Rosser holds patents on several tools used in laparoscopic surgery and has won three Smithsonian Awards in four years for equipment he designed.  He thinks combining laparoscopic surgery with computers and satellite dishes will revolutionize medicine by making expert advice and advanced surgical techniques available in even the most remote sections of the world.

This is telemedicine.

By equipping a doctor or trained technician with laparoscopic tools, a satellite dish, a telephone and computers, a surgeon sitting at a computer in New York can oversee an operation being performed anywhere in the world.
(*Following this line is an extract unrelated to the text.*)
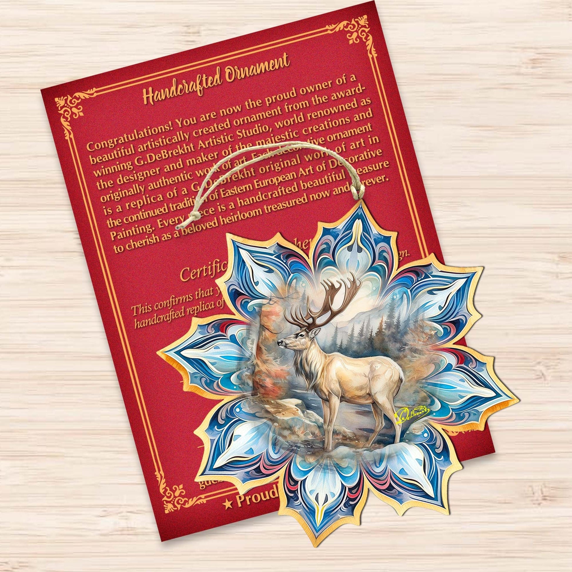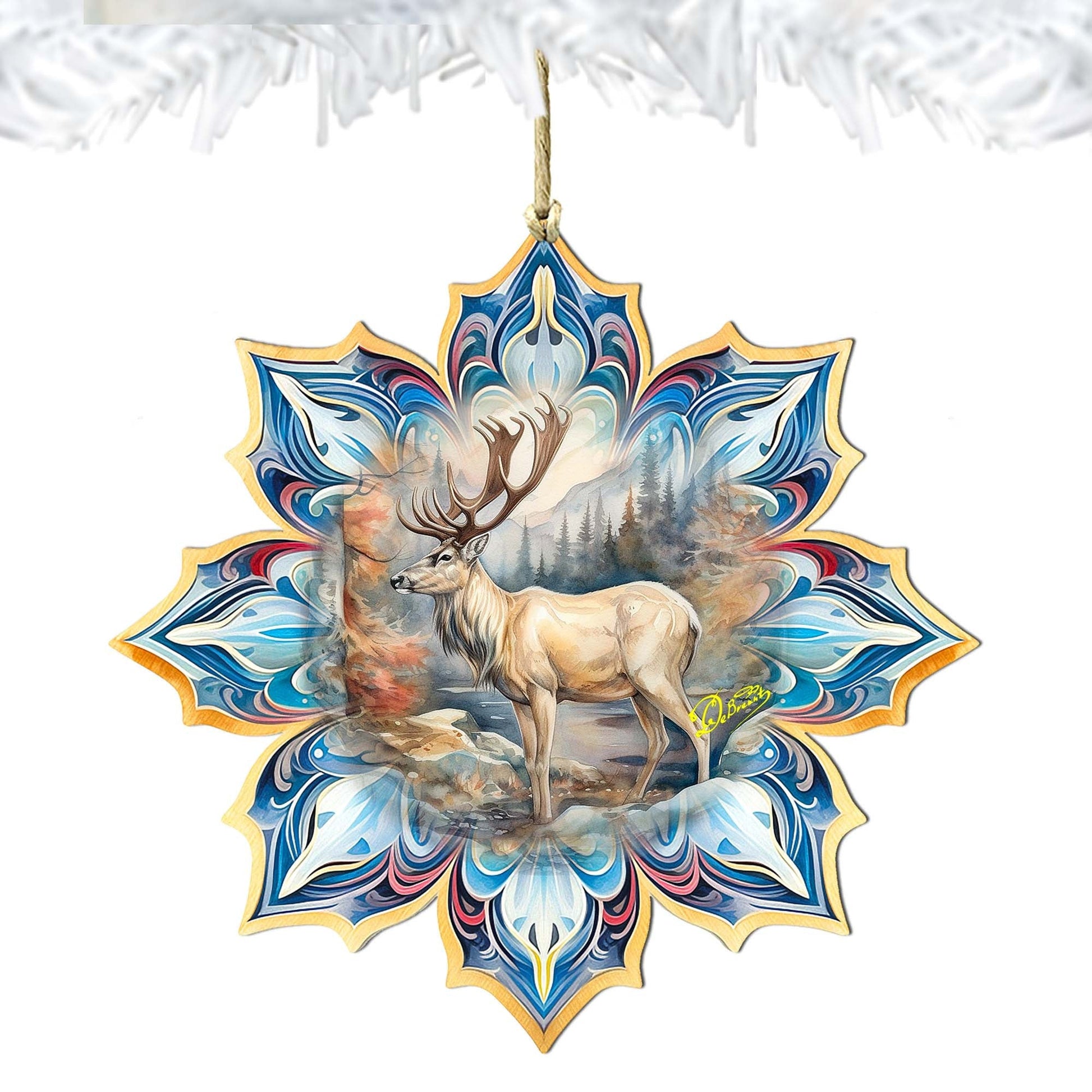 Reindeer Snowflake Wooden Ornaments by G. Debrekht - Nature Wildlife Decor - 8688415

Rosser has done just that.  Sitting at home in North Guilford, CT, he has acted as a consultant to doctors performing surgery in the Dominican Republic.  With the same images on his computer screen as the doctors saw in the operating room, Rosser was able to help guide the surgeons through a complicated gastroesophageal procedure.  

He was also the consulting surgeon for "Operation Rainforest," in which a doctor and several technicians were able to perform laparoscopic surgeries in the far reaches of the Amazon Jungle, again through satellite hookups with Rosser in the States.

Rosser has also created a CD-ROM set, "Yale Series on Minimally Invasive Surgery," that has been used to teach other surgeons laparoscopic techniques he developed.

"This is all incredibly exciting," said the Civil War history buff and "Star Trek" fan.  "I come to work smiling every day because I'm pumped.  How do you predict the future?" he said.  "You create it."